Census
We often want to find information about a particular group of individuals (people, fields, trees, bottles of beer or some other collection of items). This target group is called the population.
When measurements are made from every item in the target population, the collected data are called a census.
Sampling from the population
A census is often not feasible:
Fortunately, we can often obtain sufficiently accurate information by only measuring a selection of units from the population.
Data from a subset of the population is called a sample.
Simple random sample
The simplest way to select a representative sample from a population is called a simple random sample. In this, each unit has the same chance of being selected and some random mechanism (e.g. tossing a coin, rolling a die or a computer-based method) is used to determine whether any particular unit is included in the sample.
Although there is some inaccuracy when a sample is used instead of the whole population, the savings in cost and time often outweigh this.
Sampling from a population of values
When only a single measurement is made from each individual, it is convenient to define the population and sample to be sets of values (rather than people or other items). This abstraction — a population of values and a corresponding sample of values — can be applied to a wide range of applications.
In the remainder of this chapter, we examine the consequences of sampling from populations of numerical and categorical values.
Sampling people
The diagram below illustrates the sampling process with a population of 56 people.

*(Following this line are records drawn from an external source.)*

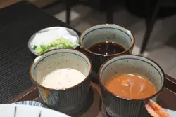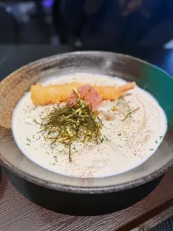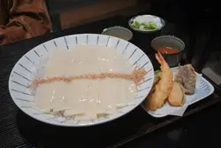 日式炸鸡浇汁冷乌冬 ($118) ★★★✰✰逾百元的乌冬有三件炸鸡,炸鸡不过不失。值得一提是当汤汁倒进碗中,拌匀后天妇罗脆脆已经完全变淋溶掉,令乌冬汤都变得混浊,卖相有点难看。整体而言,这间乌冬价钱定位进取(可能也因为位于商场),质素不见得有一些宣传帖子所说如此惊艳。而且当日随着入座人数越来越多,上菜时间便越来越长,第一个餐和最后一个餐的上餐时间相差15分钟,如果每人一个餐的话在等与不等之间便有点尴尬。…查看更多
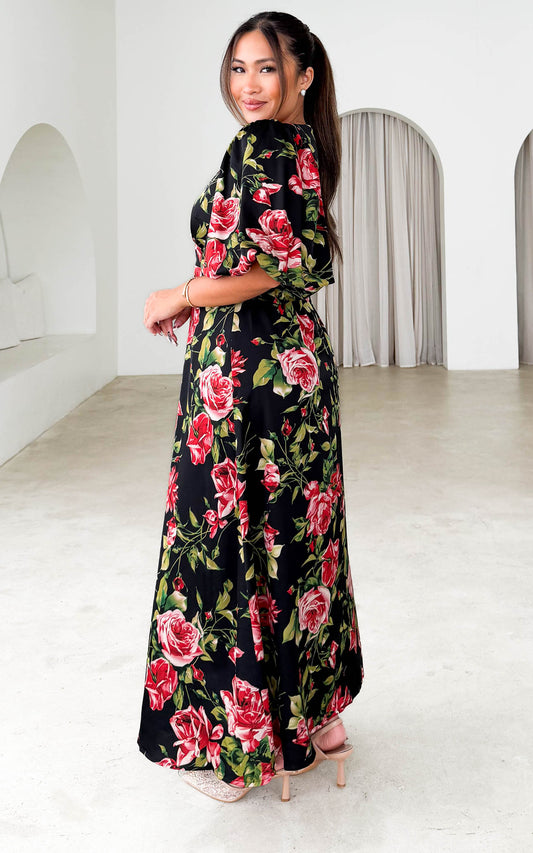 Liora Short Sleeve Maxi Dress - Black Red Floral
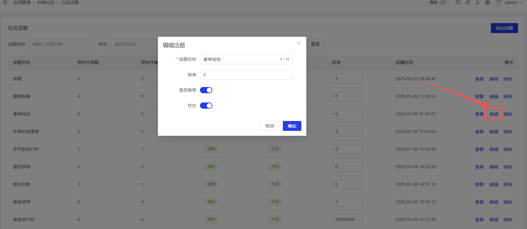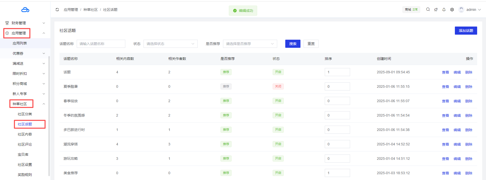 应用管理 > 应用列表 > 种草社区 > 社区话题
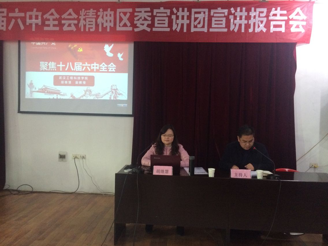 本网讯 12月14日至15日我校政治理论教研室主任胡继慧作为江夏区宣讲团成员,为江夏区委政法系统以及五里界街道办事处的全体党员共250余人宣讲十八届六中全会精神。
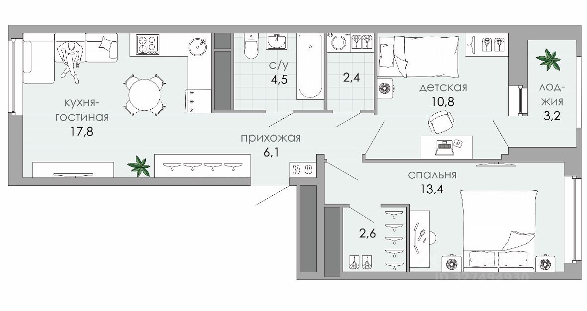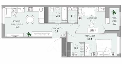 Продается двухкомнатная квартира площадью 60,8 кв. м. с предчистовой отделкой. Два санузла. Сдача дома планируется в 3 кв. 2026 года.
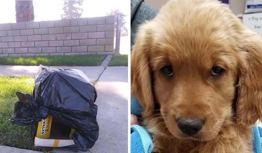 Супружеская пара нашла на обочине дороги коробку в мусорном пакете, внутри которой сидел щенок золотистого ретривера
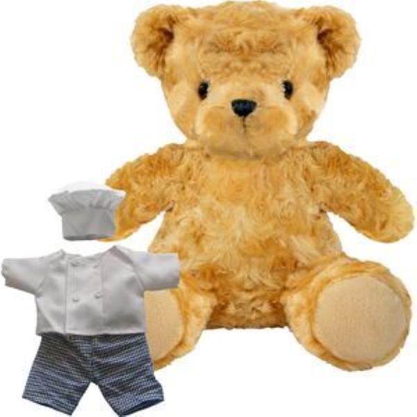 BLANK PLUSH SOFT TOY 19CM VICTORIA TEDDY BEAR with Chef Outfit. Victoria Plush Toy Bear Suitable for Age 3. has Luxurious Rose, Swirl Embossed Plush Fur & Glass Studded Eyes. White Hat & Jacket, Gingham Trousers, Sitting Height 19cm Approx. Minimum Quantity: 10.
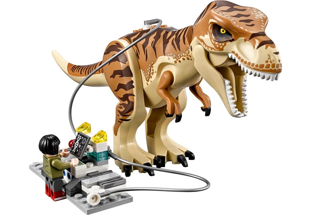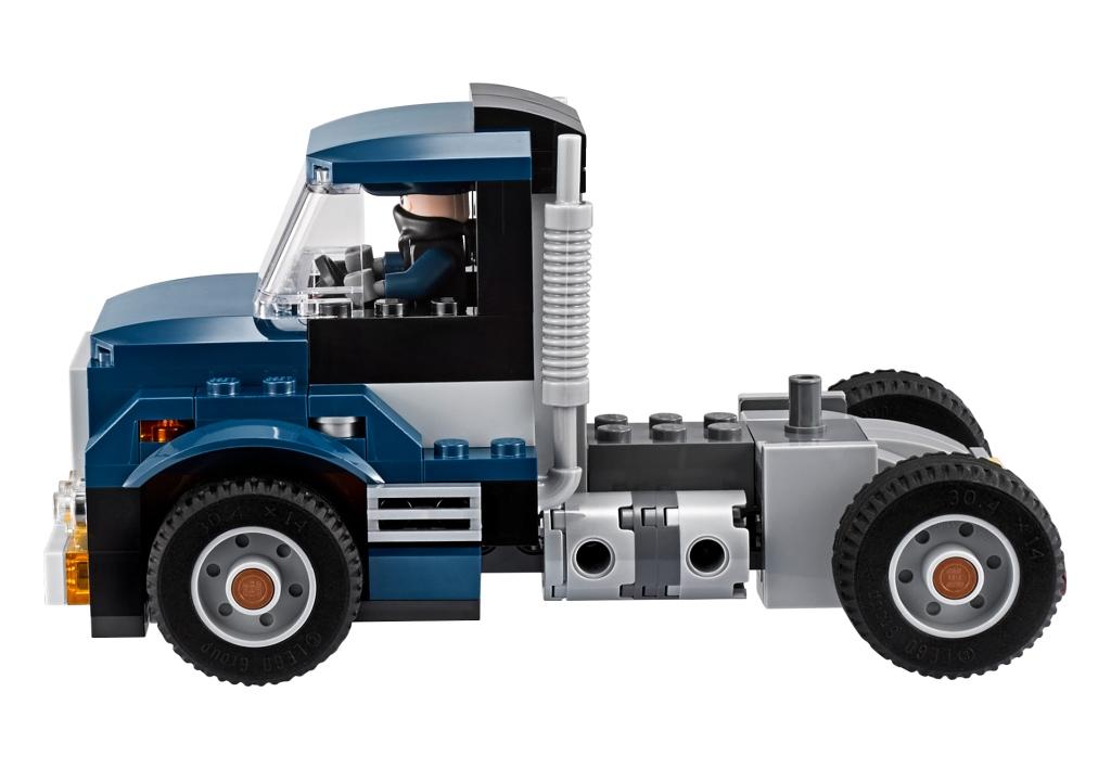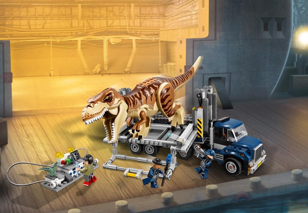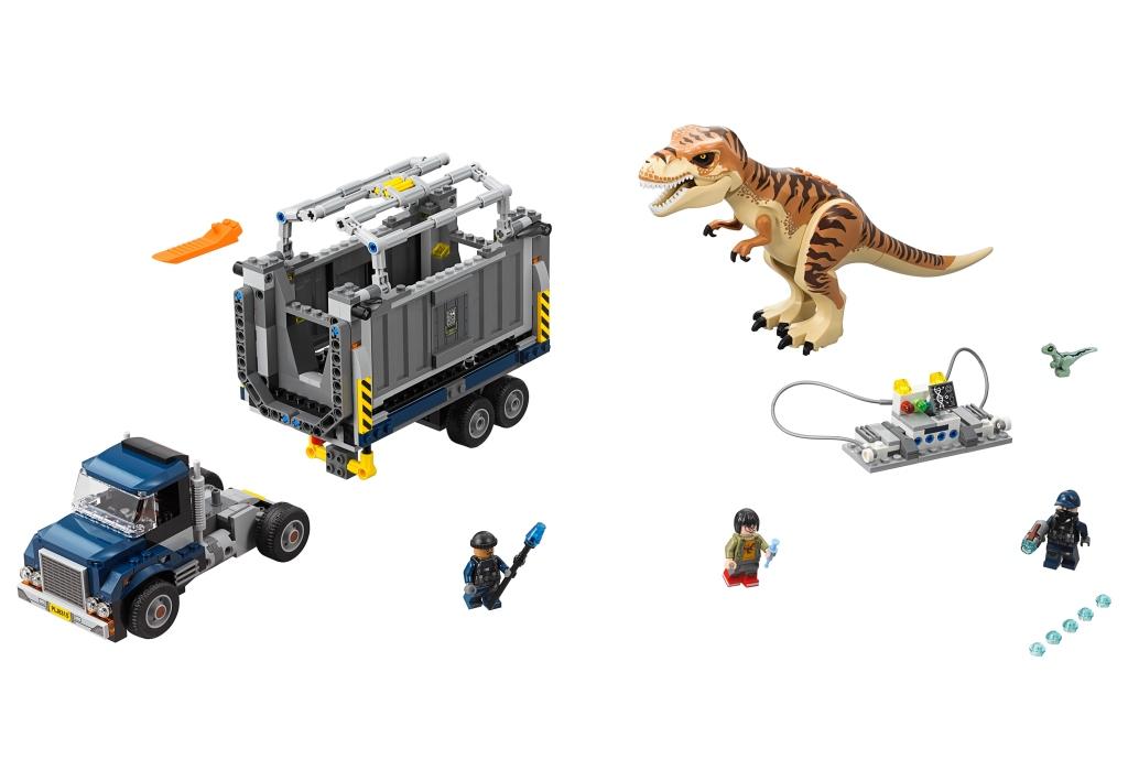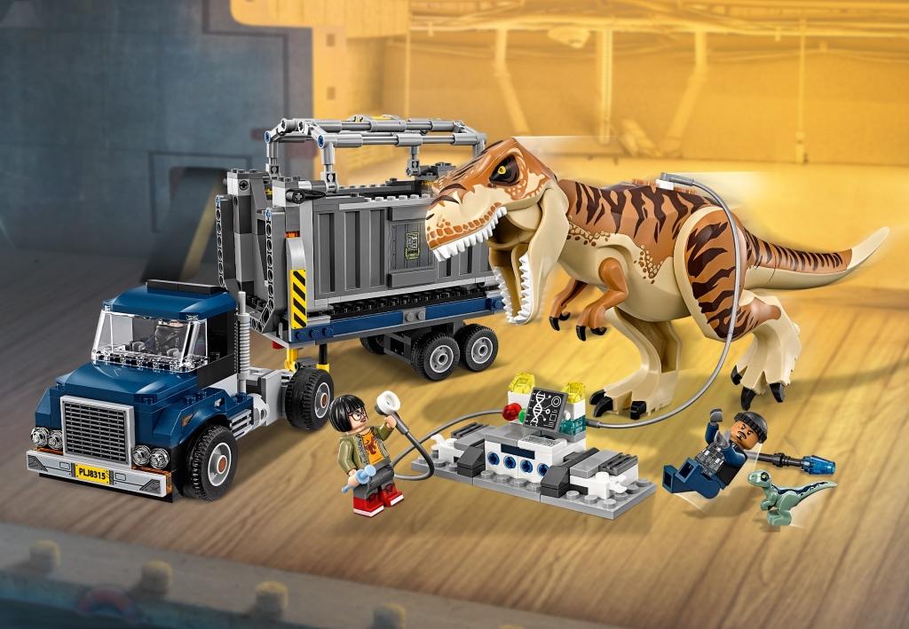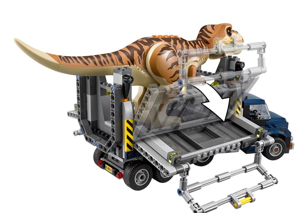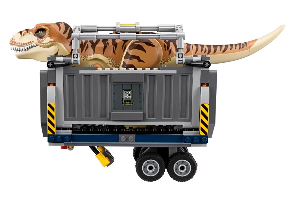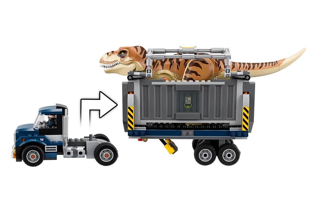 Условия содержания животных в парке динозавров максимально приближены к естественным. Тропический климат, густая растительность и огромная территория позволяют доисторическим ящерам чувствовать себя свободно и вольготно. Они мирно прогуливаются на свежем воздухе и ведут привычный образ жизни. Но внезапно начавшееся извержение вулкана всё изменило. Чтобы сохранить уникальных обитателей парка потребовалась срочная эвакуация. С помощью грузовых вертолётов динозавров доставили с острова на материк, а затем переправили на бронированных автомобилях в безопасное место. Транспортировка больших хищников, таких как Тираннозавр, оказалась наиболее сложной и опасной. Звери никак не хотели подчиниться сотрудникам парка и норовили совершить побег. Утихомирить их мог лишь укол специального снотворного. В наборе Вы найдёте модель грузовика для перевозки Тираннозавра. Его корпус выполнен из серо-синих деталей с добавлением контрастных жёлтых элементов. Спереди располагается массивная кабина, прикрытая закруглённым лобовым стеклом. Сняв часть крыши, можно рассмотреть место водителя и рулевое управление. Перед кабиной виден бронированный капот. Он оборудован квадратной радиаторной решёткой, круглыми фарами и усиленным бампером с номерным знаком. Позади кабины возвышаются вертикальные выхлопные трубы. Задняя часть грузовика представляет собой транспортировочную платформу, базирующуюся на четырёх колёсах. Боковые стенки формируют прочный каркас, напоминающий контейнер. Сигнальные огни и полосатые знаки говорят о том, что внутри находится опасный груз. Чтобы поместить Тираннозавра внутрь контейнера, необходимо открыть специальные засовы и опустить боковые стенки. При этом потолочные решётки превратятся в надёжные опоры, которые зафиксируются на ровной поверхности. Размер грузовика составляет 8х14х8 см, размер прицепа – 19х17х9 см.

Click the button Take sample to randomly select 15 of these people. Repeat a few times to observe the variability in the units sampled.
Although there are many differences between the individuals, we are often only interested in one. Click the checkbox Only show Gender to concentrate on this aspect of the individuals; the population is a set of categorical values (Male or Female) and the sample is similarly categorical.
Similar categorical populations and samples would arise if we were interested in whether the people were married, intended to vote for a particular candidate or were unemployed.
Sampling apples
The diagram below respresents the 120 apples that one fruit-picker collected from an orchard in an hour. The apples have a variety of shapes and sizes (represented by different colours in the diagram), and some are bruised or blemished (marked with a cross).
Click the button Take sample to randomly select 17 apples.
Click Only show Apple condition to concentrate on whether the apples are damaged. As with the previous example, this reduces the problem to random sampling from a population of categorical values (Bruised or OK).